Suppose I have a statistical model with parameters $\boldsymbol{\theta}=\{\theta_1,\theta_2,\dots,\theta_n\}$ of which only a single parameter, say $\theta_1$, is of interest to me. Suppose also that I can write down the full likelihood function for the model $\mathcal{L(\boldsymbol{\theta};\mathbf{x})}$.
Using the method of maximum likelihood I can estimate $\theta_1$ by maximising $\mathcal{L(\boldsymbol{\theta};\mathbf{x})}$ with respect to $\boldsymbol{\theta}$ to obtain $\hat{\boldsymbol{\theta}}$ and retrieving $\hat{\theta}_1 \in \hat{\boldsymbol{\theta}}$.
Alternatively I can maximise the marginal likelihood $\mathcal{L(\theta_1;\mathbf{x})} = \idotsint \mathcal{L(\boldsymbol{\theta};\mathbf{x})} \,d\theta_2 \dots d\theta_n$ which is calculated by integrating over all possible values of $\{\theta_2,\dots,\theta_n\}$.

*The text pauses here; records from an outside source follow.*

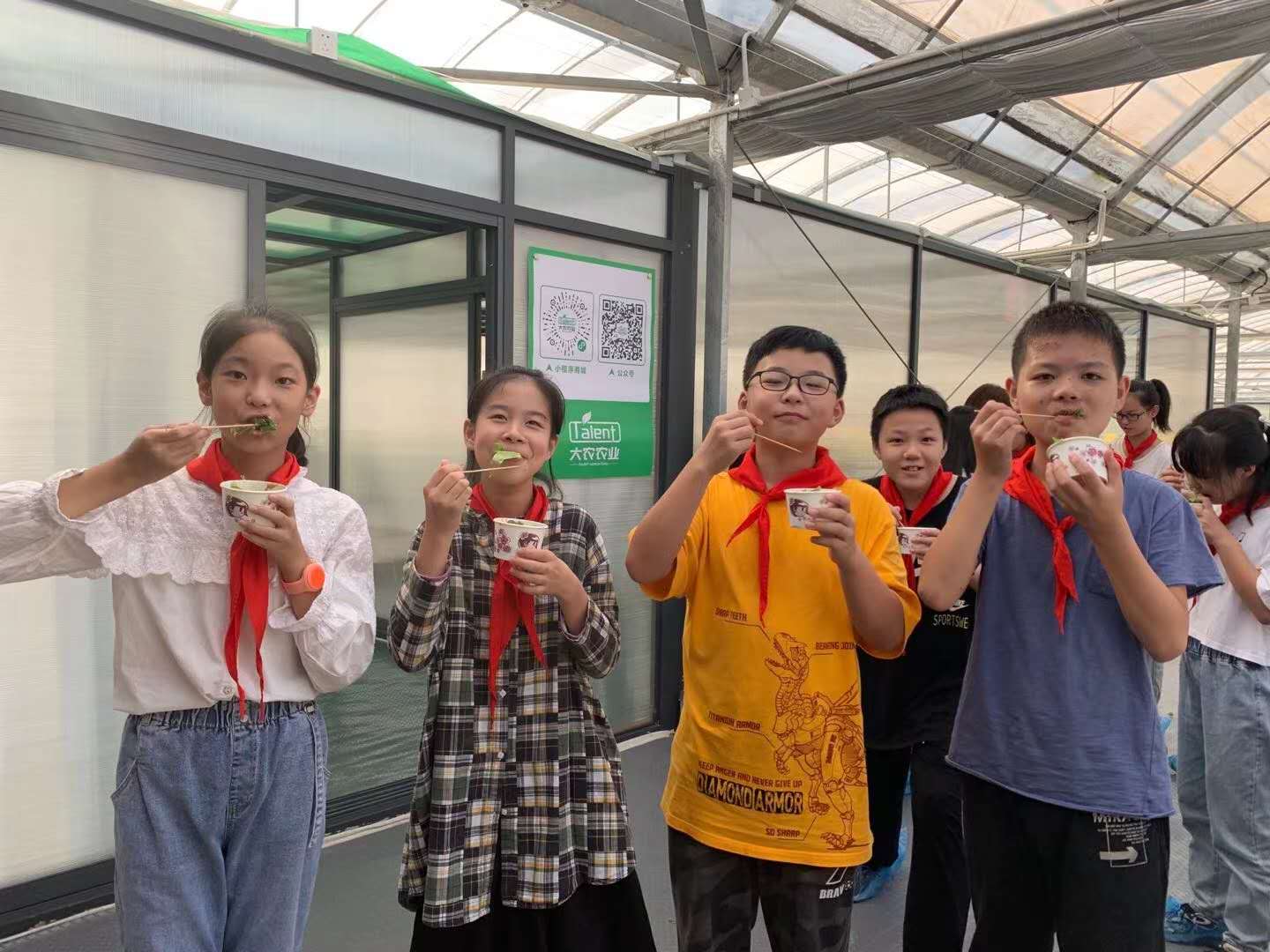 最后,帶領白鹿小學的老師及同學們進入到大農農業水耕種植基地大棚,讓同學們在大棚中親身實踐育苗、移苗、移栽和采收的各個環節,同學們用自己采收的各種蔬菜現場制作了美味營養的蔬菜沙拉并且進行了品嘗。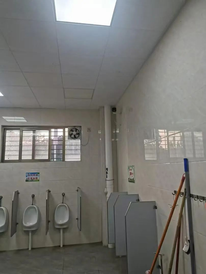 近日,有网友发视频称,广州市番禺区石楼中学在厕所里安装监控。视频显示,一男厕墙壁上方悬挂一摄像头,角度略微向下对着门口的洗手槽,而一排小便池则位于摄像头与洗手槽之间。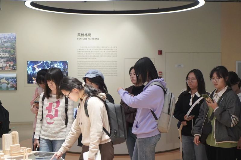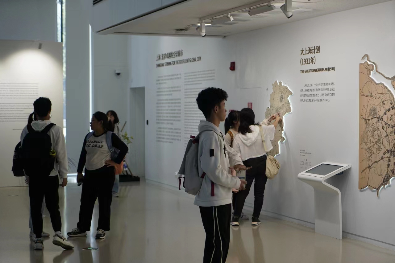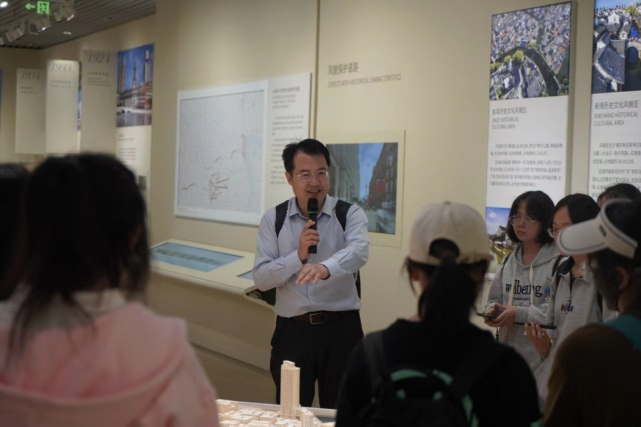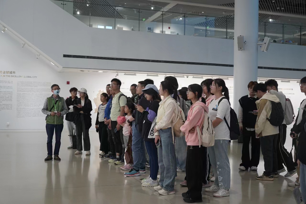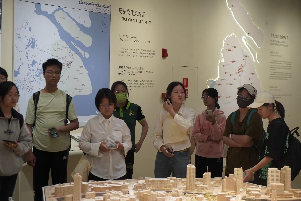 下午14:30,同学们在上海城市规划展示馆开启了下午的课程实习。进入馆后不久,师生一行赶上了三点钟的免费官方讲解,在解说员的讲解下,同学们对上海的发展历程与城市定位有了进一步的了解。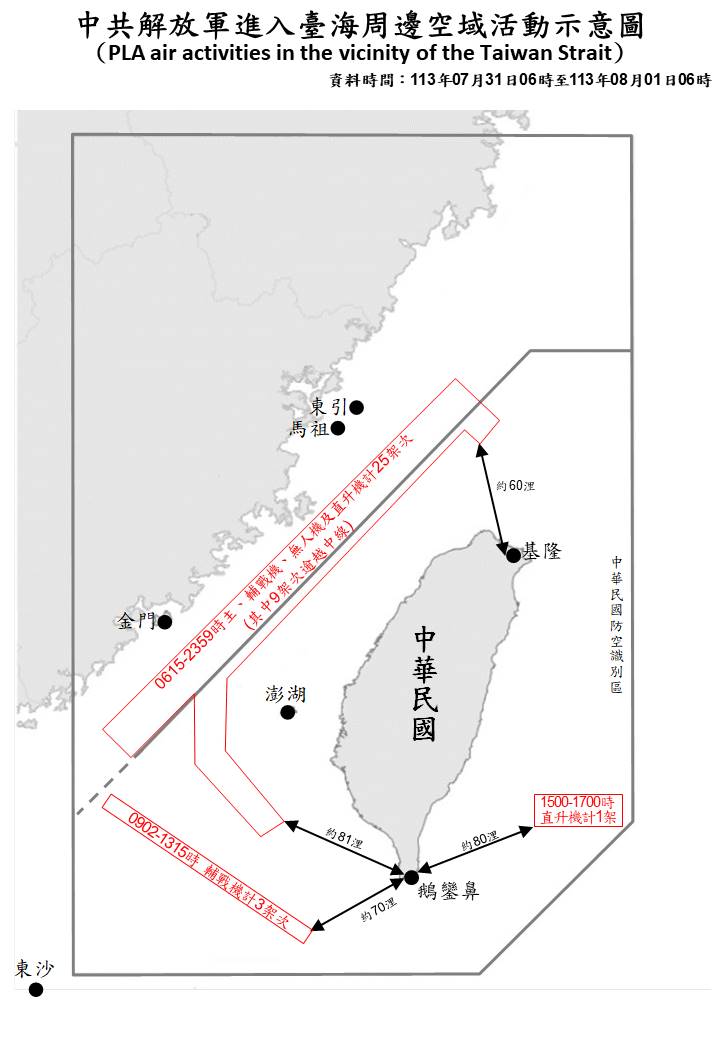 1130801_臺海周邊海、空域活動示意圖
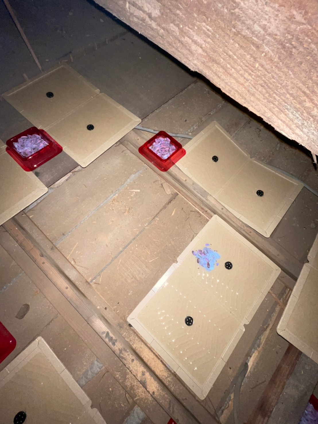 最後に、糞清掃や殺菌・消毒、マーキング消臭、ノミ・ダニ駆除、毒エサ・トラップ設置といった残りの作業を行い、駆除~再発防止までの工程が全て終了します。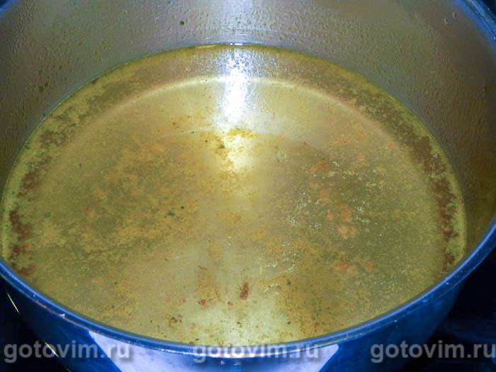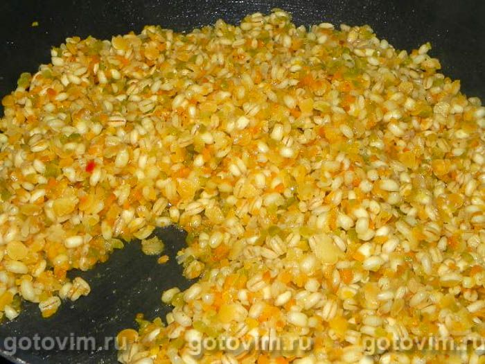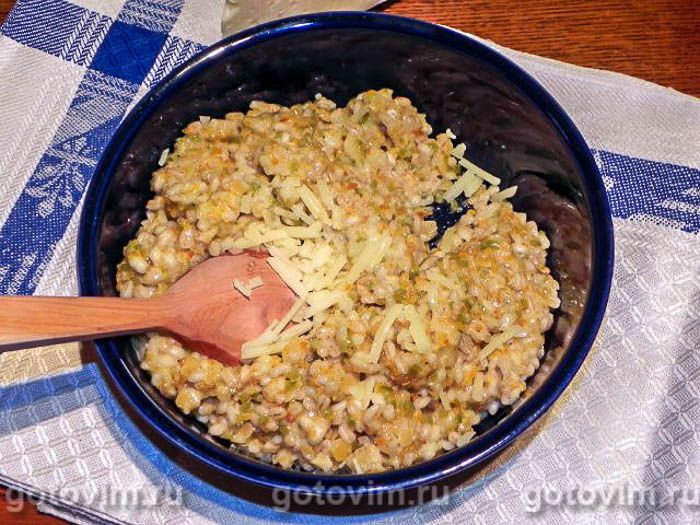 Затем влить половину бульона и перейти на медленный огонь. Варить под крышкой, периодически помешивая. Когда весь бульон впитается, то подливать еще бульона, понемногу. Варить таким образом до готовности крупы, примерно 20-25 минут.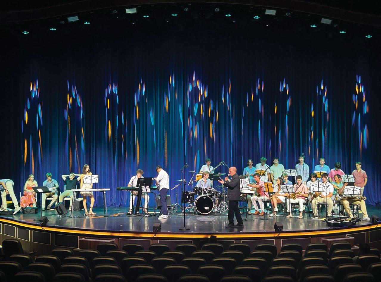 The Jazz Ensemble and Jazz Combo performed aboard Icon of the Seas during a four-day cruise to the Bahamas. Students gained valuable hands-on experience working with professional sound and lighting technicians, and Upper School student Luke Nguyen had the opportunity to run the theater’s soundboard himself.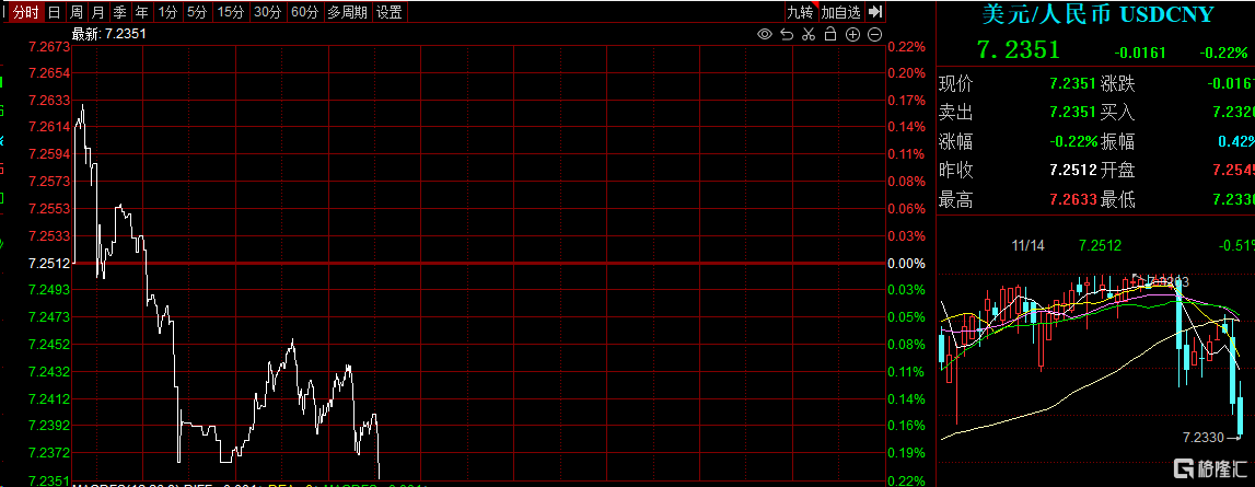 日内,在岸、离岸人民币汇率双双升破7.23,为8月中旬以来新高。

Under what circumstances (if any) is the latter approach preferable, bearing in mind that I am only interested in the value of $\theta_1$?
Best Answer
The usual way of doing likelihood inference on a parameter of interest in the presence of nuisance parameters consists of using the Profile Likelihood function (see this link). In your context, the profile likelihood is:
$$\mathcal{L}_P(\theta_1;\mathbf{x}) = \max_{\theta_2,\dots,\theta_n} \mathcal{L(\boldsymbol{\theta};\mathbf{x})}.$$
The object of interest is the normalized profile likelihood, which is nothing but
$$R_P(\theta_1, {\bf x}) = \frac{\mathcal{L}_P(\theta_1;\mathbf{x})}{\mathcal{L(\boldsymbol{\widehat{\theta}};\mathbf{x})}}.$$
This function can be used to construct confidence intervals on the parameter of interest. A thorough study of the profile likelihood can be found in:
In some cases, some people assign a distribution to the "nuisance parameters" ($\theta_2,\dots,\theta_n$, in your case) and integrate them out. This is hybrid between Bayesian and Classical inference, and it is called the integrated likelihood. However, this requires assuming a distribution on the nuisance parameters in order to guarantee that the integral is finite. See:
Note that, if you do not assign a proper distribution on the nuisance parameters, there is no guarantee that the marginal/integrated likelihood function is finite. Using a distribution $\pi(\theta_2, \dots, \theta_n)$ guarantees that
$\mathcal{L(\theta_1;\mathbf{x})} = \idotsint \mathcal{L(\boldsymbol{\theta};\mathbf{x})} \pi(\theta_2, \dots, \theta_n) \,d\theta_2 \dots d\theta_n < \infty,$
by the Bayes theorem (for regular models).